As described above, in the semiconductor device according to the present embodiment, the element region 18 in which the photodiode is formed is divided and coupled with In which is easily plastically deformed, and the silicon signal processing circuit board 30 and the element region 18 are plastically deformed. Since it is electrically coupled by easy In, silicon signal processing circuit board 30 and Hg _1-x Cd _x The difference in volume change due to the difference in thermal expansion coefficient from the Te crystal layer 12 can be absorbed by these binders.
[0024]
Next, the method for fabricating the semiconductor device according to the present embodiment will be explained with reference to FIGS.
First, on the CdZnTe substrate 10, Hg having a film thickness of about 15 μm is formed by the LPE method, for example. _1-x Cd _x A Te crystal layer 12 is grown (FIG. 3A). Where Hg _1-x Cd _x The Cd composition x of the Te crystal layer 12 is appropriately adjusted according to the infrared wavelength for measurement purposes. For example, in order to adjust the cutoff wavelength to 10 μm, the Cd composition x is set to 0.225. Hg _1-x Cd _x The electric conductivity type of the Te crystal layer 12 is matched with the target device structure of the photodiode. For example, the p-type carrier concentration due to Hg vacancies is 2 × 10 ¹⁶ cm ^-3 And
[0025]
Then Hg _1-x Cd _x Boron (B: boron) as a donor impurity is ion-implanted into a predetermined region of the Te crystal layer 12 to form an n-type region 14 (FIG. 3B). Thus, the pn junction photodiode array is converted to Hg. _1-x Cd _x It is formed in the Te crystal layer 12.
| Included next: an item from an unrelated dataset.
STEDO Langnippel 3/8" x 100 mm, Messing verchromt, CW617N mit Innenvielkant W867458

Next, Hg _1-x Cd _x The Te crystal layer 12 is etched to form a wedge-shaped groove 16 reaching the CdZnTe substrate 10, and the pn junction photodiode array is divided into a plurality of element regions 18 (FIG. 3C). For example, when one photodiode is arranged at an interval of 40 μm, a trench 16 having an upper width of about 15 μm and a lower width of about 5 μm is formed, and a trapezoidal element having an upper surface of about 25 μm square and a lower surface of about 40 μm square. Etching is performed so that each photodiode is located in the region 18. Hg _1-x Cd _x For the etching of the Te crystal layer 12, for example, wet etching using bromomethanol can be used.
[0026]
Thereafter, an In sphere 20 having a diameter of about 10 μm is formed by Hg. _1-x Cd _x It sprays on the surface of the Te crystal layer 12 and is inserted into the groove 16.
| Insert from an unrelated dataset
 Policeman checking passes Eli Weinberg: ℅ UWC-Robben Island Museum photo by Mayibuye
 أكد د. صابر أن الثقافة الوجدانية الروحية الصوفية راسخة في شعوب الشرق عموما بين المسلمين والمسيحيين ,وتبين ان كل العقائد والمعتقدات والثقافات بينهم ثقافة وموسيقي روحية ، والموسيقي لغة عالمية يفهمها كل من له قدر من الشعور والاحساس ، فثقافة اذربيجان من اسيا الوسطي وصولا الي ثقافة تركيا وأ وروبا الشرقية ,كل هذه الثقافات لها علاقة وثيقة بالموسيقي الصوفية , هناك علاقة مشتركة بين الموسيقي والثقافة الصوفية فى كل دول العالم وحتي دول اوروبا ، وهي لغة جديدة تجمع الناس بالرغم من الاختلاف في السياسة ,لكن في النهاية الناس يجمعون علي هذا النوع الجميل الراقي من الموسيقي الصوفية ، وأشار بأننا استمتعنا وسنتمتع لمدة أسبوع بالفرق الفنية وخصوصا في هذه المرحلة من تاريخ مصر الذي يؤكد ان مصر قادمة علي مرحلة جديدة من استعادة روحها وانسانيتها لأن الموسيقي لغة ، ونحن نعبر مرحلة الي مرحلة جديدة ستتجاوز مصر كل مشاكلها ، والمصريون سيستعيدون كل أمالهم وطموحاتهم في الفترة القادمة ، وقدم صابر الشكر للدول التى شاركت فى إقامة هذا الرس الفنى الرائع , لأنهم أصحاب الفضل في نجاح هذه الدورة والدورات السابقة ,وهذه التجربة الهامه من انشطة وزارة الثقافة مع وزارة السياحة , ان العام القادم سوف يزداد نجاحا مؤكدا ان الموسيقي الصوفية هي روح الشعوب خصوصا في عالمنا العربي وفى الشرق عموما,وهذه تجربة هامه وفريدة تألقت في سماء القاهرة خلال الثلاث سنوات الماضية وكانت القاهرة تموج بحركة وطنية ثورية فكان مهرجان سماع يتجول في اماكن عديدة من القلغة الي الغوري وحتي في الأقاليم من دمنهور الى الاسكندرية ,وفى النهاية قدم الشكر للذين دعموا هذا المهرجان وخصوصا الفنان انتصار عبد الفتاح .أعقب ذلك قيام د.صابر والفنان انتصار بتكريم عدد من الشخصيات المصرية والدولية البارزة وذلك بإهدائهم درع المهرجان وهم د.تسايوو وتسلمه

Next, the In film 22 is embedded in the groove 16 by using, for example, a lift-off method (FIG. 3D). For example, after forming the resist film 24 only on the upper surface of the element region 18 (FIG. 4A), the In film 22 is deposited on the entire surface by vapor deposition or sputtering (FIG. 4B), and the resist film 24 is formed. By removing only the In film 22 on the resist film 24 at the same time, the In film 22 can be left only in the groove 16. The mask used when forming the groove 16 can be applied to the resist film 24 as it is.
[0027]
The In sphere 20 and the In film 22 formed in this manner have a function of mutually coupling the element regions 18 divided by the grooves 16 and electrically connecting the p-type regions divided by the grooves 16.
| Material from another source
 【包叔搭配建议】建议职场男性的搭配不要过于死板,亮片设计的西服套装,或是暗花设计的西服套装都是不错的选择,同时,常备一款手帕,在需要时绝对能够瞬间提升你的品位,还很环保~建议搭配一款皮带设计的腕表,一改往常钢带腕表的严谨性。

Subsequently, an In bump 26 made of a conductive material that causes plastic deformation, for example, In, is formed on the n-type region 14 of the element region 18. Thus, the CdZnTe substrate 10 having the infrared photodiode array is formed (FIG. 5A).
[0028]
On the other hand, a signal processing circuit (not shown) is formed on a separately prepared silicon signal processing circuit substrate 30 by an ordinary semiconductor device manufacturing method. Then, an In bump 32 made of a conductive material that causes plastic deformation, for example, In, is formed on the silicon signal processing circuit substrate 30 on which the signal processing circuit is formed. The In bump 32 is connected to the input terminal of the signal processing circuit. Thus, the silicon signal processing circuit board 30 having the signal processing circuit in which the In bump 32 is connected to the input terminal is formed (FIG. 5B).
[0029]
In this way, after preparing the CdZnTe substrate 10 on which the infrared photodiode array is formed and the silicon signal processing circuit substrate 30 on which the signal processing circuit is formed, these substrates are connected to each other (FIG. 5C). . The substrates are connected by electrically and mechanically coupling the In bumps 26 and the In bumps 32 by overlapping and pressing.
[0030]
Next, the CdZnTe substrate 10 that supports the infrared photodiode array is selectively removed (FIG. 5D). For removing the CdZnTe substrate 10, for example, a chemical mechanical polishing (CMP) method, wet etching with chemicals, dry etching with argon ions, or the like can be used.
[0031]
By manufacturing the semiconductor device in this way, the element regions 18 in which the photodiodes are formed are coupled to each other by an In sphere 20 and an In film 22 that are susceptible to plastic deformation, and a silicon signal processing circuit board. 30 is coupled by In bumps 26 and 32 which are likely to cause plastic deformation.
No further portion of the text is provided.